▸ Exercise details:
All lines below starting at the one that holds "The Traditional Double" and ending at the one that holds "Somalia: African Wildlife" should be printed exactly, ends included. Pictures should not be printed, nor anything else.
BEGIN Available records
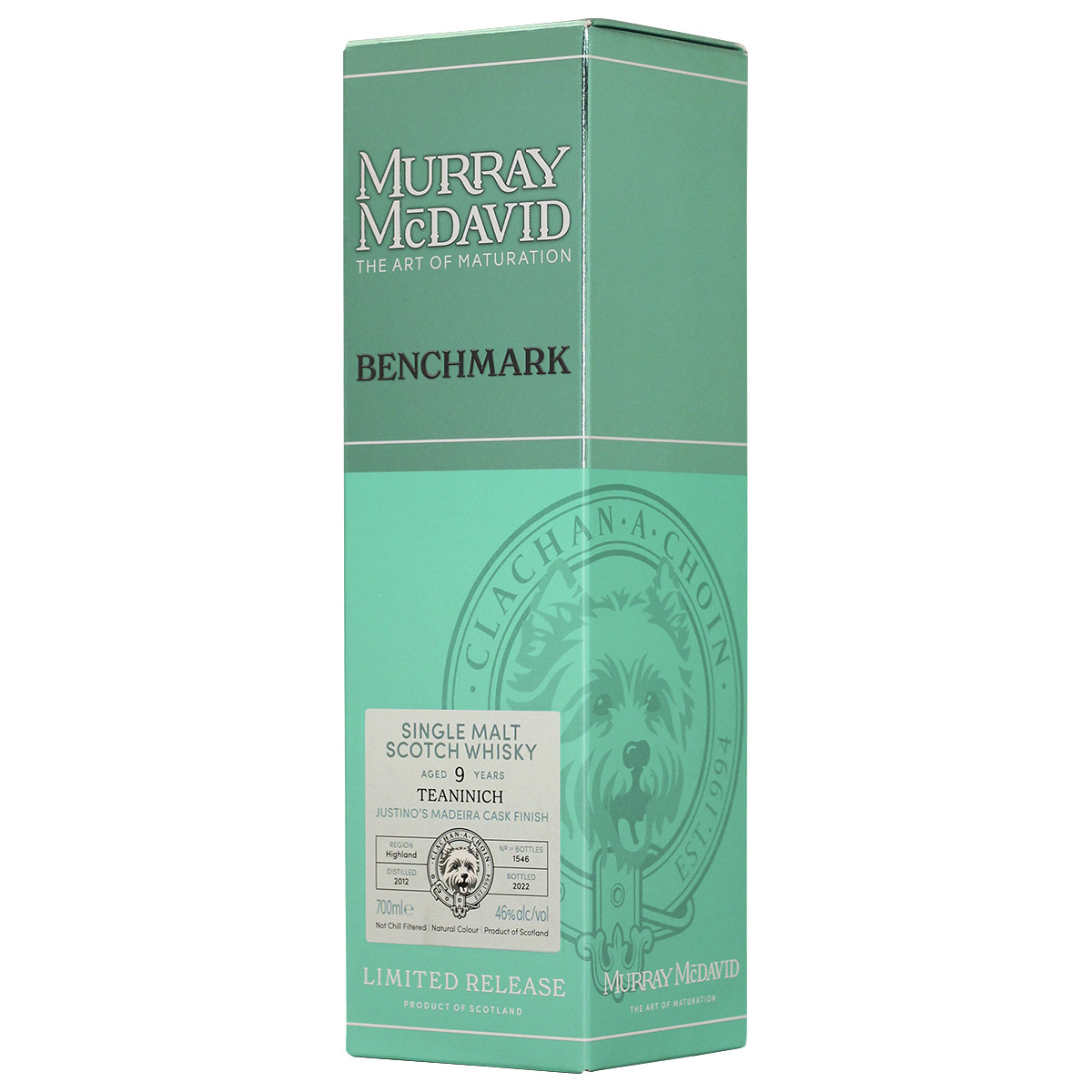 «BENCHMARK» — это сердце нашего ассортимента. Выдержка: 5,5 лет в бочках из-под бурбона. Финиш: 3,5 года в барриках из-под мадеры. Регион: Хайленд. Дистиллерия: Teaninich. Дистиллирован в 2012 году, бутилирован в 2022 году без холодной фильтрации и подкрашивания. Всего выпущено 1546 бутылки. Бочки 720993/994/996/997.
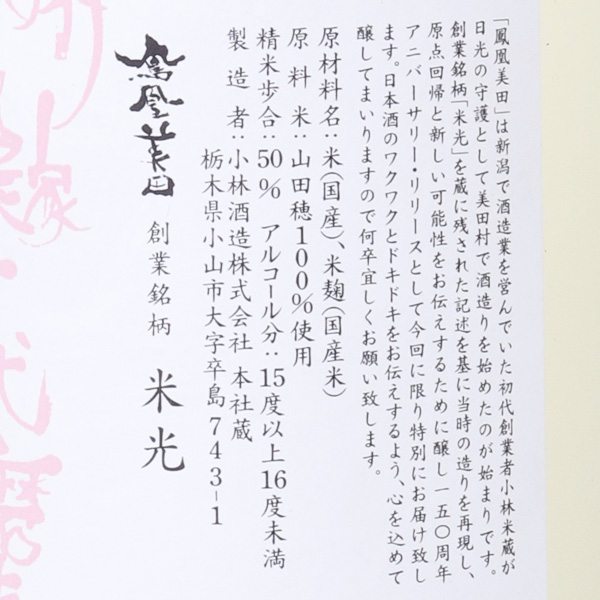 鳳凰美田は、新潟で酒造業を営んでいた初代創業者 小林米蔵 が江戸時代 徳川家により招致され日光(東照宮)の守護として日光の入口である例幣使街道(れいへいしかいどう)の美田村で酒造りを始めたのが始まりです。原料米には栽培履歴があった徳川家「鳥居米(壬生米)」からの流れとなる「山田錦」の原品種である父方「渡舟」と母方「山田穂」を使用し醸すことで、「鳳凰美田」の起源と歴史を100年以上の時を経た今の「鳳凰美田」が醸す New Origin を皆様と一緒にお伝え致します。
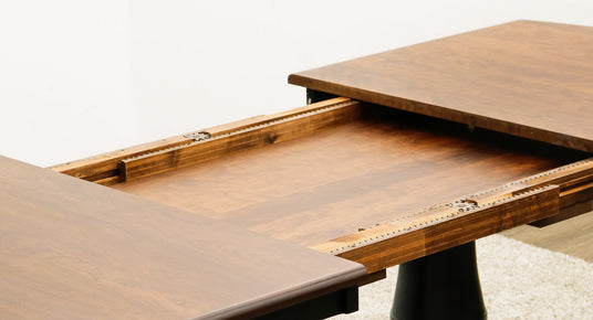 The Traditional Double Pedestal Dining Table features leaves that store inside the table. Every dining table is available in your choice of wood type and stain color.
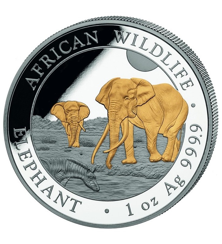 Somalia: African Wildlife – Elephant 1 uncja Srebra 2026 Pozłacany to wyjątkowa moneta kolekcjonerska emitowana przez Somalię, wybita w jednej uncji srebra najwyższej próby 999,9 i dodatkowo pokryta selektywnie złoceniem. Moneta o średnicy 38,6 mm i nominale 100 Shillingów należy do prestiżowej serii „African Wildlife”, która celebruje najbardziej charakterystyczne gatunki afrykańskiej fauny, ukazując ich piękno i znaczenie w ekosystemie. Złocone detale rewersu nadają wizerunkowi zwierząt dodatkowego blasku, podkreślając majestat słoni i elegancję zebry. Seria cieszy się ogromnym zainteresowaniem kolekcjonerów na całym świecie, będąc połączeniem kunsztu menniczego z edukacyjnym aspektem przybliżania afrykańskiej przyrody.
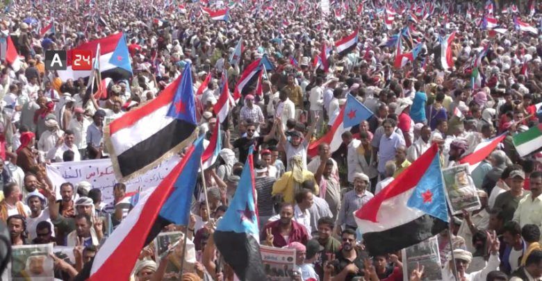 واليومَ؛ وشعبُنا الجنوبيُّ العربيُّ؛ واقفٌ من أقصى المهرة إلى باب المندب؛ في ساحات الاعتصام؛ يرسل رسالته إلى المجتمع الدولي كله؛ “ممهورة بدماء خيرة أبنائه وشبابه الذين رضعوا حُبَّ هذه الأرض؛” مطالبََا الاعتراف باستقلال دولته؛ دولة الجنوب العربي. لتكون حزام الأمان؛ وشريكََا لدول الإقليم والعالم؛ في حماية الممرات والملاحة البحرية؛ من “مضيق هرمز إلى باب المندب” من الإرهاب والقرصنة التي تهدد مصالح العالم في المحيط الهندي وبحر العرب ومدخل البحر الأحمر..
END Available records
▸ Solution to the exercise:
 The Traditional Double Pedestal Dining Table features leaves that store inside the table. Every dining table is available in your choice of wood type and stain color.
 Somalia: African Wildlife – Elephant 1 uncja Srebra 2026 Pozłacany to wyjątkowa moneta kolekcjonerska emitowana przez Somalię, wybita w jednej uncji srebra najwyższej próby 999,9 i dodatkowo pokryta selektywnie złoceniem. Moneta o średnicy 38,6 mm i nominale 100 Shillingów należy do prestiżowej serii „African Wildlife”, która celebruje najbardziej charakterystyczne gatunki afrykańskiej fauny, ukazując ich piękno i znaczenie w ekosystemie. Złocone detale rewersu nadają wizerunkowi zwierząt dodatkowego blasku, podkreślając majestat słoni i elegancję zebry. Seria cieszy się ogromnym zainteresowaniem kolekcjonerów na całym świecie, będąc połączeniem kunsztu menniczego z edukacyjnym aspektem przybliżania afrykańskiej przyrody.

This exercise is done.